Victor Hugo, un falsificateur, un tyran domestique
Le biographe a aussi un but, celui de révéler au monde ce qu'occultent les autres biographes qui suivent docilement -dit-il- la légende fabriquée par le poète, celle d'un mari, d'un père, d'un grand-père parfait alors qu'il multiplie les infidélités, séquestre sa maîtresse en titre, exige la soumission de son épouse et de ses enfants et les sacrifie à ses ambitions et à l'éclat de son nom. Image parfaite d'un héros qui a tout abandonné pour l'exil alors que son départ lui permet grâce à la popularité qu'il en tire de vendre à des sommes fabuleuses son livre
Les misérables ; mythe d'un homme proche du peuple mais qui, pair de France, brigue les honneurs et aime l'argent.
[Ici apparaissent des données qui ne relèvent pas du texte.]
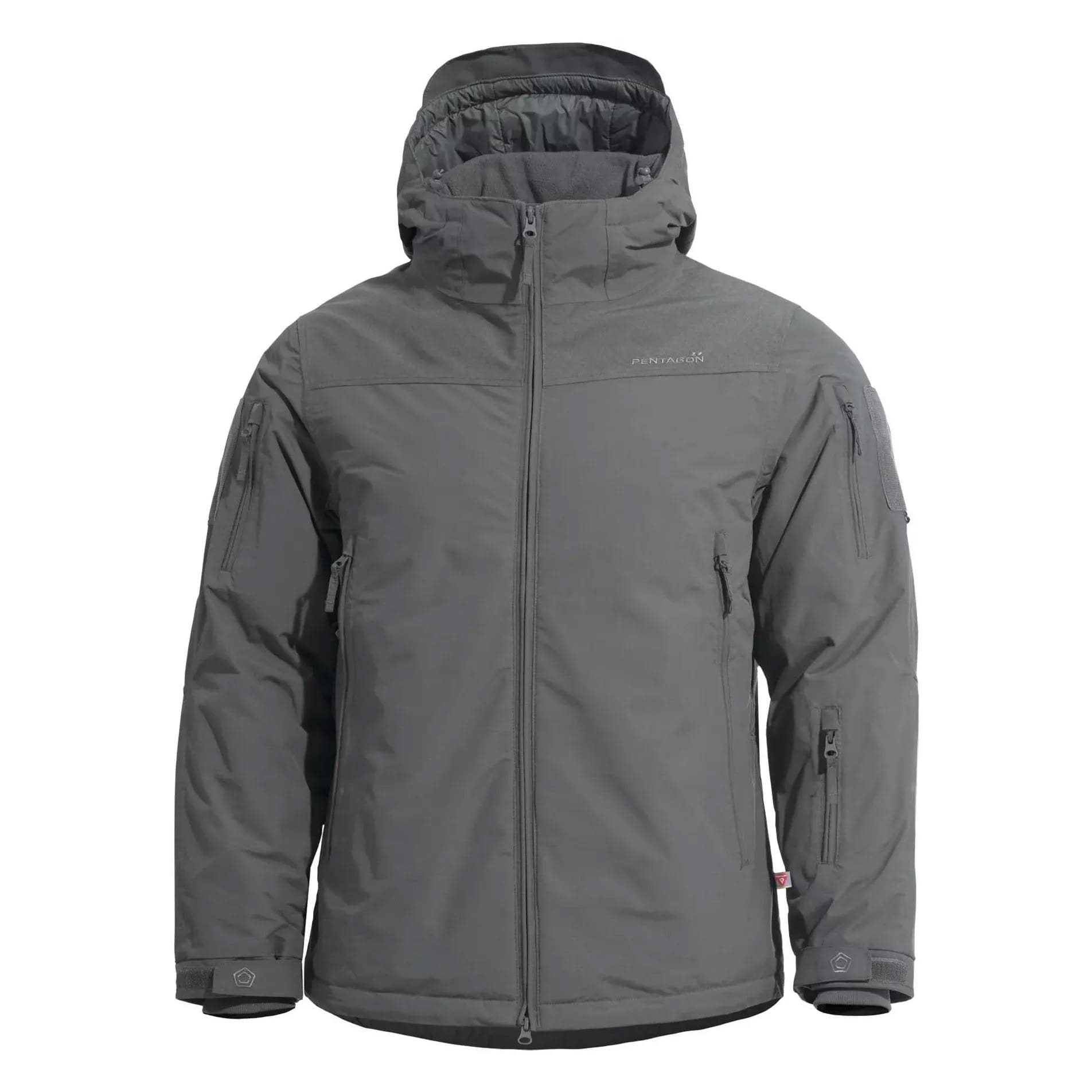 La chiusura è realizzata con una cerniera a doppio cursore con patta antiumidità e antivento. Il collo è rialzato e combinato con un cappuccio profondo, regolabile in tre punti. Le ampie tasche sulle braccia arrivano quasi al centro del petto e sono foderate con un morbido materiale in pile per una maggiore calore. Le due tasche sulle spalle sono combinate con un pannello esterno in velcro per una facile personalizzazione con toppe in velcro. Le tasche interne per oggetti di valore o documenti sono protette da una cerniera. L'ultima tasca per piccoli oggetti si trova sulla manica sinistra. Le maniche sono rifinite con una maglia elastica che impedisce la penetrazione di sporco e aria fredda nella giacca. Naturalmente, l'orlo inferiore della giacca è regolabile.

Gourdin veut démontrer que la vie de Hugo est fondée sur le mensonge, la vision idéalisée qu'il donne de lui-même, de son père, de sa vie de famille …
Il a décrypté, en effet, toutes les falsifications apportées par
Victor Hugo pour valoriser son nom et sa lignée. Pour ne citer qu'un exemple, le poète dont les ancêtres sont laboureurs et menuisier, se fait appeler vicomte, titre accordé par Joseph
Bonaparte à son père en même temps que le grade de général lors des guerres napoléonienne en Espagne : comte Hugo de Cogolludo y Sigüenza. le nom sonne bien mais ces distinctions seront invalidées très vite par Napoléon.
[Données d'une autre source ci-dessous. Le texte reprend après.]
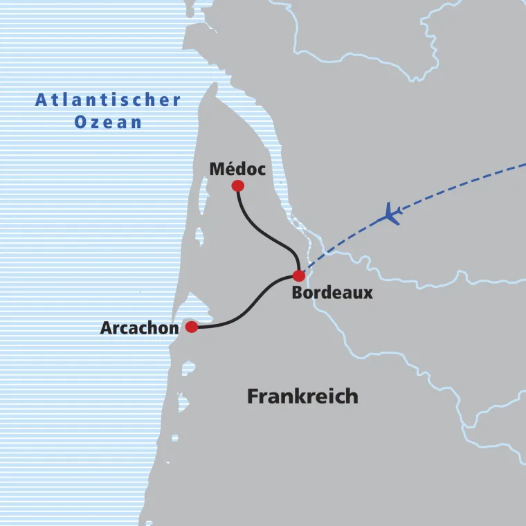 Der Bus bringt uns am Morgen nach Arcachon. Auf einer Bootsrundfahrt erfahren wir viel Interessantes von dieser faszinierenden Region. Wir sehen die Ile des Oiseaux, die Austernbänke und die idyllischen Fischerdörfer entlang des Landstreifens nach Cap Ferret. Danach bringt uns der Bus zu den Dünen von Pilat, die wir über eine Treppe besteigen. Was für eine traumhafte Sicht über Meer und Wälder erwartet uns oben. Der krönende Abschluss dieses Ausfluges ist der Besuch des Austern Museums in Gujan-Mestras. Natürlich darf eine Verkostung dieser typischen Spezialität nicht fehlen. Ein weiteres exquisites Abendessen erwartet uns in Bordeaux. → Wz 1 Std.

Victor Hugo apparaît comme une sorte de monstre névrosé, hanté par ses fantômes, dévoré d'ambitions, avide de reconnaissance, n'aimant que lui-même, asservissant tous ceux ou celles qui dépendent de lui, véritable tyran insensible ou indifférent aux souffrances de ses enfants à qui il ne laisse aucune liberté de même qu'à ses petits-enfants, se servant d'eux pour sa gloire, allant jusqu'à traiter sa petite-fille Jeanne de « matériau littéraire »
Comment lire après cela la poésie inspirée par ses enfants, ces vers dédiés A ma fille Adèle :
Tout enfant, tu dormais près de moi, rose et fraîche,
Comme un petit Jésus assoupi dans sa crèche ;
Ton pur sommeil était si calme et si charmant
Que tu n'entendais pas l'oiseau chanter dans l'ombre.
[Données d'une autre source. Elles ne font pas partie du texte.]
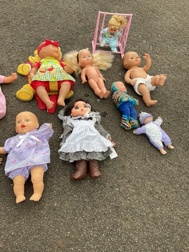 A collection of 70s, 80s and 90s plastic dolls, some with cloth bodies including a 1979 Sophie Suckathumb, a Berchet talking doll, a Disney Winnie the Pooh backpack doll, a musical doll in a swing, etc. (15)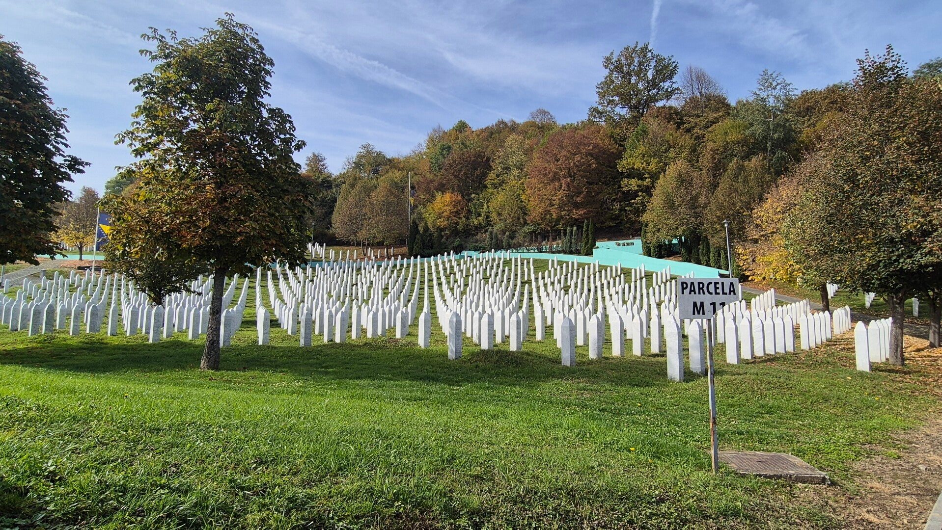 De laatste kilometers naar Potočari, net boven Srebrenica, zijn snel weggereden. Aan de rechterzijde van de weg verschijnt de immense begraafplaats waar de duizenden moslimslachtoffers van de massamoorden uit 1995 begraven liggen.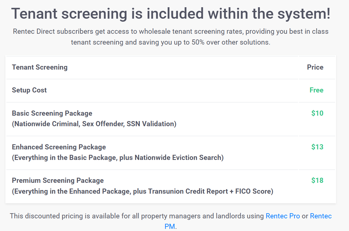 Tenant screening reports are essential in tenant selection and protecting your investments. Rentec Direct property management software provides both Pro and PM clients with an extensive list of Tenant Screening Products.

.. sans penser à ce qu'il a fait subir à Adèle, maintenue dans le culte morbide de son aînée disparue, déboussolée par les séances occultes de Jersey, tables tournantes pendant lesquelles le fantôme de Léopoldine échappait à la tombe. Une Adèle prisonnière de l'exil de son père et qui sombre dans la dépression à Guernesey, dont les talents de musicienne et de compositrice sont étouffés, une Adèle que Hugo déclare morte quand elle s'enfuit pour suivre un amoureux qui ne veut pas d'elle. Il interdit à sa mère et à ses frères d'aller la voir.
Henri Gourdin accuse Hugo de l'avoir enfermée dans une institution psychiatrique à son retour alors qu'elle n'était pas folle. Difficile à croire ? Non ! C'est ce qu'a fait
Paul Claudel pour sa soeur Camille. C'était le sort, au XIX et au début du XX siècle des femmes qui affirmaient leur volonté contre leur père, leur frère ou leur mari et se voulaient indépendantes. Et l'on sait que le cas d'enfermement de femmes pour aliénation dans des asiles n'était pas rare ! le fait même qu'elles ne soient pas dociles et qu'elles veuillent sortir du rang qui leur était dévolu était déjà considéré comme une anormalité. La misogynie était violente à cette époque et la femme avait le statut de mineure placée sous la tutelle du père puis du mari.
Mon avis sur cette biographie
L'on ne peut nier à l'auteur la parfaite connaissance de tout ce qui fait la vie de
Victor Hugo dans ses moindres détails même les plus intimes. Il a épluché toutes les
correspondances entretenues par Hugo, sa famille, ses proches, qui, tous, ont le don, la passion, la manie de l'écriture. Des milliers et des milliers de lettres. Il connaît tous les témoignages des amis ou ennemis du grand homme, des écrivains contemporains, des hommes politiques, des journalistes, d'Adèle, de
Juliette Drouet. Jamais, la vie d'un écrivain n'a été aussi documentée, aussi commentée. Il a même, grâce au carnets de notes de l'intéressé, la liste de ses nombreuses maîtresses jusqu'aux petites servantes qu'il dévoyait et payait dans la maison de sa femme, des bordels qu'il fréquentait, toute une foule de détails sordides dont l'homme si parfaitement épris de sa famille, du moins selon l'image qu'il voulait en donner, ne sort pas grandi. Toute une vie bâtie sur le mensonge.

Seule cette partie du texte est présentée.